Saiful's claims add further confusion to what, exactly, JAD is—a terrorist organization or, as some experts believe, a catch-all term used to describe ISIS supporters. "Anshar Daulah" is Arabic for a daulah [Islamic state] supporter and a different known terrorist, this one from Jemaah Ansharut Tauhid (JAT), told local media that there's no truth to allegations that JAD is a real organization.

"Jamaah Anshar Daulah is a term created by the media and the police," Nanang Ainur Rafiq, the caretaker of JAT, explained.

Others say it's this decentralized system that makes it so hard for the police to actually crack down on JAD. While JI was organized into a clear structure, from the lowest level (andfiah or soldiers) to the highest religious councils (majelis syura or markaziah), JAD is a collection of small independent cells that only communicate through secure messaging apps, when they talk at all. It's a purely modern take on a terrorist organization, and one that's hard to dismantle.
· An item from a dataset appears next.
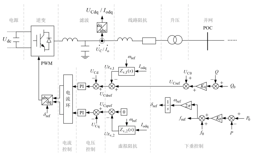 双碳目标背景下,我国新型电力系统呈现出“双高”特征,系统惯性减小,电网强度减弱。近年来,能够适用于弱电网环境的构网型(grid-forming,GFM)控制策略成为相关领域的研究焦点,下垂控制和虚拟同步机技术尤其受到关注。即使在各类新型控制技术迅速发展的当下,下垂特性仍有重点分析和再认识的必要。在下垂控制中,常需引入虚拟阻抗以实现功率解耦、过电流抑制等功能,但同时,虚拟阻抗的加入也将显著影响下垂控制的端口特性。

Nasir, who now works with Indonesian authorities in anti-terrorism actions, thinks it's going to take a lot of work to figure out who was behind the recent attacks. And without an idea of how this whole thing actually came together, there's few ways to head off future attacks in Indonesia.

“It’s difficult to form a group with organizational structure now," Nasir told VICE. "It took less than two years for the police to identify JI’s structure. But now, it won’t be easy for them to find out who is involved in bombings."